▸ **The problem**: From the line that contains "Waterloo Healthcare 6-Drawer" through the line that contains "Юные саянцы готовили", output every line of the listing below exactly and leave out all the rest.

*** Supplied records

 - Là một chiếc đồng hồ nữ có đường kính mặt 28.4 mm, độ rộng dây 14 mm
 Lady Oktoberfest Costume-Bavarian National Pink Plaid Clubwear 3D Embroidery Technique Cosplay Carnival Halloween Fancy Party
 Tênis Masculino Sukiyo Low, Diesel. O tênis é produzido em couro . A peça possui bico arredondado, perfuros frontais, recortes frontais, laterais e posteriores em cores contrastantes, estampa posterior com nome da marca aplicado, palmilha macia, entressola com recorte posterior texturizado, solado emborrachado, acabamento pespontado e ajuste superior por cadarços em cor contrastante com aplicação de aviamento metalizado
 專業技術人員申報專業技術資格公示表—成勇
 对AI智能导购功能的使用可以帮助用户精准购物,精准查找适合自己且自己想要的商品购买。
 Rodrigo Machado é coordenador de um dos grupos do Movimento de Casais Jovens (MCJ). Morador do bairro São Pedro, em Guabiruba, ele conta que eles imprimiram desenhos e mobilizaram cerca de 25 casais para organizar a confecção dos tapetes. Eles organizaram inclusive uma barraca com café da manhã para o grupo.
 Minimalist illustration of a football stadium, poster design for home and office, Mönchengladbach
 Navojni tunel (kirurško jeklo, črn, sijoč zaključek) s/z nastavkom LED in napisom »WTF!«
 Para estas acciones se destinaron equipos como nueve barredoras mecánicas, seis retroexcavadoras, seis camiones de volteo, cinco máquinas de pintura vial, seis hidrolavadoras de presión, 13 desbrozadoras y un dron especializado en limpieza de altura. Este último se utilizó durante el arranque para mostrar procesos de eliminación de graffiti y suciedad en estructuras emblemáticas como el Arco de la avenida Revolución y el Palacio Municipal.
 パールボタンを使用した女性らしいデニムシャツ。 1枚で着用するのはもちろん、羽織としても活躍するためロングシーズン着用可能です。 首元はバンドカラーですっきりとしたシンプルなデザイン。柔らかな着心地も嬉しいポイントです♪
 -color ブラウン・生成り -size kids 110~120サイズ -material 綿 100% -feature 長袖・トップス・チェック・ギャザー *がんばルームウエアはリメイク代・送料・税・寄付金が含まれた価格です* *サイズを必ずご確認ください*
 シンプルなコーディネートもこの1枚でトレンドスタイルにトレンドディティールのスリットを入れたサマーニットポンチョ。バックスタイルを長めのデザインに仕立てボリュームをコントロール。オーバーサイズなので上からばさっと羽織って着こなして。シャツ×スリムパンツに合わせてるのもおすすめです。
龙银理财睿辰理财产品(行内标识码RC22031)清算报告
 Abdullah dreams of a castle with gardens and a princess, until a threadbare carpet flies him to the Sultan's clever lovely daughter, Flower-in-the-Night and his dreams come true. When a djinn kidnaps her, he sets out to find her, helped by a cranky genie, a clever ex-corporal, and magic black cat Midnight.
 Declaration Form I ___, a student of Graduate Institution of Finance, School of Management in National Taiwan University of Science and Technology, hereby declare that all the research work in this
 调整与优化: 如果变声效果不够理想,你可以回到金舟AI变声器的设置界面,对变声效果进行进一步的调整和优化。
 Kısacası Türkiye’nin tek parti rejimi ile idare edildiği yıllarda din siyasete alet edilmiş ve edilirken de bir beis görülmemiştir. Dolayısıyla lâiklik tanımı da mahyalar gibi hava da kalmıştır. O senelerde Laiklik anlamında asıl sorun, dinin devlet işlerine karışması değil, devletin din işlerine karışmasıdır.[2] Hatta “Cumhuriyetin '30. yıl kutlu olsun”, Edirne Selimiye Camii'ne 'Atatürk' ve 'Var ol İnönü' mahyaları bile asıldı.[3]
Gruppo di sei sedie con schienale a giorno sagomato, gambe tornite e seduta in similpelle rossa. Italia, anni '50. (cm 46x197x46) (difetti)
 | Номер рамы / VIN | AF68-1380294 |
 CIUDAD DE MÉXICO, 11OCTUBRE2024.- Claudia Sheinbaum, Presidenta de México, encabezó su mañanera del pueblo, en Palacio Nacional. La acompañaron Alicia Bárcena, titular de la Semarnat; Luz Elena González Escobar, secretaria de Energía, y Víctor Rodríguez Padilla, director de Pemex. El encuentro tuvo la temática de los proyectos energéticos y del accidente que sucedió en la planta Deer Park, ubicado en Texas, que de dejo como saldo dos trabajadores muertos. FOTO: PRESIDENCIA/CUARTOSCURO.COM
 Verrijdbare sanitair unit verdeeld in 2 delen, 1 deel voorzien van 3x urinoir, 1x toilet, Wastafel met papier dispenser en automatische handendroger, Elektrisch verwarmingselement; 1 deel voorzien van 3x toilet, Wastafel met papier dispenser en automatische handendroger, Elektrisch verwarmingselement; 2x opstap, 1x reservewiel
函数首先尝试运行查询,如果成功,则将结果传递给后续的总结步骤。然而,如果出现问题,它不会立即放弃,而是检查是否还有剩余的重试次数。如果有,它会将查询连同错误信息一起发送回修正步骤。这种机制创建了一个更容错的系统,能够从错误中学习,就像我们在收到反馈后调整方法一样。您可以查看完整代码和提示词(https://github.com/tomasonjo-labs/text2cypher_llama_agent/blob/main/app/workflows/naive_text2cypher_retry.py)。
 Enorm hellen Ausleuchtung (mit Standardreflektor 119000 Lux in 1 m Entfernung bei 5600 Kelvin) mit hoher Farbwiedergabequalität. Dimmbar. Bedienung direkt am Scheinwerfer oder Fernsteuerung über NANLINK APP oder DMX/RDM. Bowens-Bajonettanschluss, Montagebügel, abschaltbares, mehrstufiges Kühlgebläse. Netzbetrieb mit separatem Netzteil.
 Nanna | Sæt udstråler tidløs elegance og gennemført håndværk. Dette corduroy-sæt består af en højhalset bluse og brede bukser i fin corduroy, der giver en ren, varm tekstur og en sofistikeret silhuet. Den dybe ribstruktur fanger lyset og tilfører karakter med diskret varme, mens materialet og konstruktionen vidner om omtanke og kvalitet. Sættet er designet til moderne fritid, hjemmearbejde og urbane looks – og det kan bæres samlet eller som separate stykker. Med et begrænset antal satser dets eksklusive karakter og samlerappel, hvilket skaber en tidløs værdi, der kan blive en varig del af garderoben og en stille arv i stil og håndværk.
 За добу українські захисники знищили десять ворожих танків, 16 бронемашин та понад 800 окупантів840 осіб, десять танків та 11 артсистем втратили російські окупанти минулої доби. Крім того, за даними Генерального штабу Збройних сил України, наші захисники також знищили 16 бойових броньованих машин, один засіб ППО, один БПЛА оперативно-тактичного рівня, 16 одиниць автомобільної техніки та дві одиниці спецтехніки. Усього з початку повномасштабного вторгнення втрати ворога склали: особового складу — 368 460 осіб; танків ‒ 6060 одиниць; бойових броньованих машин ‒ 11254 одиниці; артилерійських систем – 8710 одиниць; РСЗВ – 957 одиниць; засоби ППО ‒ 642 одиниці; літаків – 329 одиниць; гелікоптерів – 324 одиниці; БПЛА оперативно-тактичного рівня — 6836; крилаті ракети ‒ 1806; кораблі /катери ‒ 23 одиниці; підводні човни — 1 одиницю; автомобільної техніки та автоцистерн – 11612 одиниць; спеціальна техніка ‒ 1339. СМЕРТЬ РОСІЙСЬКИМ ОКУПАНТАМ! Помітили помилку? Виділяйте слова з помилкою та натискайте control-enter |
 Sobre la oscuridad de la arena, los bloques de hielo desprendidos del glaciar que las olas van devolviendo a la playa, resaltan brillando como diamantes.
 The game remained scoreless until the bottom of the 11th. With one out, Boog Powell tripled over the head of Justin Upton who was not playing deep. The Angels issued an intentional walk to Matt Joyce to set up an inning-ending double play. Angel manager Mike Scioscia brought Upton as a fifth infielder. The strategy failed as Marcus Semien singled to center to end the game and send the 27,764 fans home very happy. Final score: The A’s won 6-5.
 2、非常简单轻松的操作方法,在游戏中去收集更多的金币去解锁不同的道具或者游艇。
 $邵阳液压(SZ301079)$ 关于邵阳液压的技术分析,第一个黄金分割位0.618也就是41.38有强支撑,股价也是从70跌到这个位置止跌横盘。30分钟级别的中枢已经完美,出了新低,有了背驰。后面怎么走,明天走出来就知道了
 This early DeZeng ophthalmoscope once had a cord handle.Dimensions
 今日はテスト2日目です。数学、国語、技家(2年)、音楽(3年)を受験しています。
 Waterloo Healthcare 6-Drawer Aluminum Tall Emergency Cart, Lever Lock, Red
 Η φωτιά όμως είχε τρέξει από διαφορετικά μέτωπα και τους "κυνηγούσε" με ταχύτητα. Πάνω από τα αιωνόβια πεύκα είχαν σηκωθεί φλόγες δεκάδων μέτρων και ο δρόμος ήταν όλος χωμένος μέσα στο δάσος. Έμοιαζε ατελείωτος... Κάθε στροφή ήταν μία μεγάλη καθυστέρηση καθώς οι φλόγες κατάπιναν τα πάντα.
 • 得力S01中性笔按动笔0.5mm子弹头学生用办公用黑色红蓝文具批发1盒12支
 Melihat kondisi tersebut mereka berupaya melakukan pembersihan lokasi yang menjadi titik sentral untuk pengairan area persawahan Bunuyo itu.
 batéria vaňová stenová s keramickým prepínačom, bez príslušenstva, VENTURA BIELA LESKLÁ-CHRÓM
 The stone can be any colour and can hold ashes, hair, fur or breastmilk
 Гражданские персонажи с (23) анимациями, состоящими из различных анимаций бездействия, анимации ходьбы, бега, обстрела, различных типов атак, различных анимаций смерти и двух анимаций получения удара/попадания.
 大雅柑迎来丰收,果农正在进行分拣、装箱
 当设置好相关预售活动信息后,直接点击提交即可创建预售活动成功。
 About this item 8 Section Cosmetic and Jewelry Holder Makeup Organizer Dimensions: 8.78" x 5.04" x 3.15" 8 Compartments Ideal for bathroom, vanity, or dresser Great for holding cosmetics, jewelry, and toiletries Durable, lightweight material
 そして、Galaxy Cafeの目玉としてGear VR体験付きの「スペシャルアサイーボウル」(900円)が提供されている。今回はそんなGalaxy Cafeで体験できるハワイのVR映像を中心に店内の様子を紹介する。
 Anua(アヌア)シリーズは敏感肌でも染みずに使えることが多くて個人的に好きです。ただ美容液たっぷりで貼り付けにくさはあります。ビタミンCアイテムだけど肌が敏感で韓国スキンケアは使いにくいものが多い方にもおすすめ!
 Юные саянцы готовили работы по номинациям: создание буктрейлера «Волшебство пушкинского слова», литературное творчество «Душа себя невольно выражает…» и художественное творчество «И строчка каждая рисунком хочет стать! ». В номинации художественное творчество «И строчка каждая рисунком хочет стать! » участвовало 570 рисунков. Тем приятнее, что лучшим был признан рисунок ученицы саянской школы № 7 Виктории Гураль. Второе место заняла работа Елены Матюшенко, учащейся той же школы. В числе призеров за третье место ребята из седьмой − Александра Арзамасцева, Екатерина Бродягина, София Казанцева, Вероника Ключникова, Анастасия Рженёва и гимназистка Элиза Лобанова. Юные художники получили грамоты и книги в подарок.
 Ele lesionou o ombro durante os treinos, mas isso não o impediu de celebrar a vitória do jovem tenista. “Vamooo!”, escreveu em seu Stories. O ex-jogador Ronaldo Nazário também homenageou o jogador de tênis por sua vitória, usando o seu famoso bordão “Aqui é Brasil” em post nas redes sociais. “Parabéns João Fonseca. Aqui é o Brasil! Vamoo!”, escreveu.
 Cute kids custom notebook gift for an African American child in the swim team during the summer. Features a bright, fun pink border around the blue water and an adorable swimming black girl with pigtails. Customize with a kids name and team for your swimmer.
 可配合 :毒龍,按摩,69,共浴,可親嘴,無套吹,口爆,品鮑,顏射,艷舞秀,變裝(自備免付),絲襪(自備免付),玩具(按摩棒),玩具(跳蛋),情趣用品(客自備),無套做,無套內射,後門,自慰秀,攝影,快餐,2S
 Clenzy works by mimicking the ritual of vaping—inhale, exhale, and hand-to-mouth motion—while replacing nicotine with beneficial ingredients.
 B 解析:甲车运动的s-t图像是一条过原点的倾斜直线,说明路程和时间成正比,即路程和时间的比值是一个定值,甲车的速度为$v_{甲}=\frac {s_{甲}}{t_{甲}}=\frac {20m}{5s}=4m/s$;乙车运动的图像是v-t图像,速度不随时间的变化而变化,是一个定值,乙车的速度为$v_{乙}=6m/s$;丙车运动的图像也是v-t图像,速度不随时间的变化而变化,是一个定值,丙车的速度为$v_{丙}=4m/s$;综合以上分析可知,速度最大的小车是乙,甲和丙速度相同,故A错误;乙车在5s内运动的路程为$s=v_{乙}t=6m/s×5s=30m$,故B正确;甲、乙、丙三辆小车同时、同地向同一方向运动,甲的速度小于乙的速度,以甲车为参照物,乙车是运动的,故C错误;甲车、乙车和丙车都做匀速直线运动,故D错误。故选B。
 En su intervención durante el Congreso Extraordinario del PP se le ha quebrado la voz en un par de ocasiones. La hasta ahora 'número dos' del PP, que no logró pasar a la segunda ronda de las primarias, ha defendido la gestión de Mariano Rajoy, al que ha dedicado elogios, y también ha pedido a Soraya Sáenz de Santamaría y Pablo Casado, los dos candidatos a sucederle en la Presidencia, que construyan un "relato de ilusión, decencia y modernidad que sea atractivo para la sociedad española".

******

▸ **Solution to this task**:
 Waterloo Healthcare 6-Drawer Aluminum Tall Emergency Cart, Lever Lock, Red
 Η φωτιά όμως είχε τρέξει από διαφορετικά μέτωπα και τους "κυνηγούσε" με ταχύτητα. Πάνω από τα αιωνόβια πεύκα είχαν σηκωθεί φλόγες δεκάδων μέτρων και ο δρόμος ήταν όλος χωμένος μέσα στο δάσος. Έμοιαζε ατελείωτος... Κάθε στροφή ήταν μία μεγάλη καθυστέρηση καθώς οι φλόγες κατάπιναν τα πάντα.
 • 得力S01中性笔按动笔0.5mm子弹头学生用办公用黑色红蓝文具批发1盒12支
 Melihat kondisi tersebut mereka berupaya melakukan pembersihan lokasi yang menjadi titik sentral untuk pengairan area persawahan Bunuyo itu.
 batéria vaňová stenová s keramickým prepínačom, bez príslušenstva, VENTURA BIELA LESKLÁ-CHRÓM
 The stone can be any colour and can hold ashes, hair, fur or breastmilk
 Гражданские персонажи с (23) анимациями, состоящими из различных анимаций бездействия, анимации ходьбы, бега, обстрела, различных типов атак, различных анимаций смерти и двух анимаций получения удара/попадания.
 大雅柑迎来丰收,果农正在进行分拣、装箱
 当设置好相关预售活动信息后,直接点击提交即可创建预售活动成功。
 About this item 8 Section Cosmetic and Jewelry Holder Makeup Organizer Dimensions: 8.78" x 5.04" x 3.15" 8 Compartments Ideal for bathroom, vanity, or dresser Great for holding cosmetics, jewelry, and toiletries Durable, lightweight material
 そして、Galaxy Cafeの目玉としてGear VR体験付きの「スペシャルアサイーボウル」(900円)が提供されている。今回はそんなGalaxy Cafeで体験できるハワイのVR映像を中心に店内の様子を紹介する。
 Anua(アヌア)シリーズは敏感肌でも染みずに使えることが多くて個人的に好きです。ただ美容液たっぷりで貼り付けにくさはあります。ビタミンCアイテムだけど肌が敏感で韓国スキンケアは使いにくいものが多い方にもおすすめ!
 Юные саянцы готовили работы по номинациям: создание буктрейлера «Волшебство пушкинского слова», литературное творчество «Душа себя невольно выражает…» и художественное творчество «И строчка каждая рисунком хочет стать! ». В номинации художественное творчество «И строчка каждая рисунком хочет стать! » участвовало 570 рисунков. Тем приятнее, что лучшим был признан рисунок ученицы саянской школы № 7 Виктории Гураль. Второе место заняла работа Елены Матюшенко, учащейся той же школы. В числе призеров за третье место ребята из седьмой − Александра Арзамасцева, Екатерина Бродягина, София Казанцева, Вероника Ключникова, Анастасия Рженёва и гимназистка Элиза Лобанова. Юные художники получили грамоты и книги в подарок.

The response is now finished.